Да, тогда Селерен ездил ненадолго в Антверпен покупать камни.

– Другой раз, – продолжала консьержка, – несколько месяцев назад… Про этих двоих можно сказать, что они любили друг друга. Мсье Брассье всегда приносил ей всякие лакомства, он приходил первым…

– Как вы его назвали?

Он не верил своим ушам.

– Мсье Брассье, а что? Он же должен был назвать свое настоящее имя, чтобы оформить договор… Сперва я подумала, что долго это у них не протянется, что вскоре станут приходить другие женщины… Так нет… Они все время были такими же влюбленными, как в первые дни…

– Человек, о котором вы говорите, действительно Жан-Поль Брассье?

– А кто же еще?

– И долго они оставались наверху?

– Обычно он приходил около трех, она немного попозже. А уходила между пятью и шестью и всегда торопилась…

– Кто там делал уборку?

– Я… Потому-то я их и знаю хорошо… Представьте себе, в спальне стены обиты желтым шелком… Повсюду шелк… Когда она приходила и уходила, на ней не было ничего нарядного… Почти всегда костюм или платье цвета морской волны. Но если бы вы видели постельное белье и халаты там наверху…

Он не посмел попросить ее подняться в квартиру. Он был ошеломлен. Удар оказался сильнее, чем смерть его жены.

Его жены? Он больше не смел употреблять это слово.

Ведь это не было мимолетным увлечением, страстью, которая длится несколько недель или месяцев.

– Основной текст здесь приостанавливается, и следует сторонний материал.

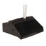High impact polypropylene dust pan. Swivel pan allows for easy storage in an upright position. T-bar locking feature allows upright carrying. Large capacity dust bin. Lightweight aluminum handle. Height: 36 1/4" Width: 12"

Восемнадцать лет она постоянно приходила на улицу Вашингтона, и не в какие-нибудь номера, а в квартиру, обставленную специально для нее. И хранила здесь белье.

Он ездил повидать отца, и когда вернулся, она небрежно сказала ему, словно что-то совсем неважное:

– Прошлую ночь мне пришлось провести у изголовья одной старушки. Она была в агонии, и больше никто не мог облегчить ей смерть…

Она ему врала. Врала целых восемнадцать лет. Она не была ему женой.

Скорее, женой Брассье.

И тот тоже врал ему, рассказывая о своих послеобеденных походах по магазинам.

А была ли в курсе Эвелин? Возможно. Ведь она была слишком занята самой собой, чтобы ревновать.

– Благодарю вас, мадам…

Он уходил, едва волоча ноги. Ему не приходило в голову чего-нибудь выпить. Он бесцельно плелся в направлении Елисейских полей.

Селерен никогда особенно не ценил Брассье, теперь же он его ненавидел.

Напротив, на Аннет он не держал зла. Виноват был он сам. Не годился он ей в мужья. Считал ее заурядным человеком, думающим только о своей самоотверженной работе. Не смог разглядеть в ней ту женщину, какой она была.

Можно сказать, из-за этого она и погибла. Она бежала. Возможно, опаздывала домой. Она бросилась к станции метро, в пути могла бы перевести дух, успокоиться и выглядеть безмятежной, как всегда.

Не его она любила, а Брассье.

И тем не менее продолжала жить с ним. Восемнадцать лет она вела себя как его жена.

Что ему было делать? Убить своего компаньона?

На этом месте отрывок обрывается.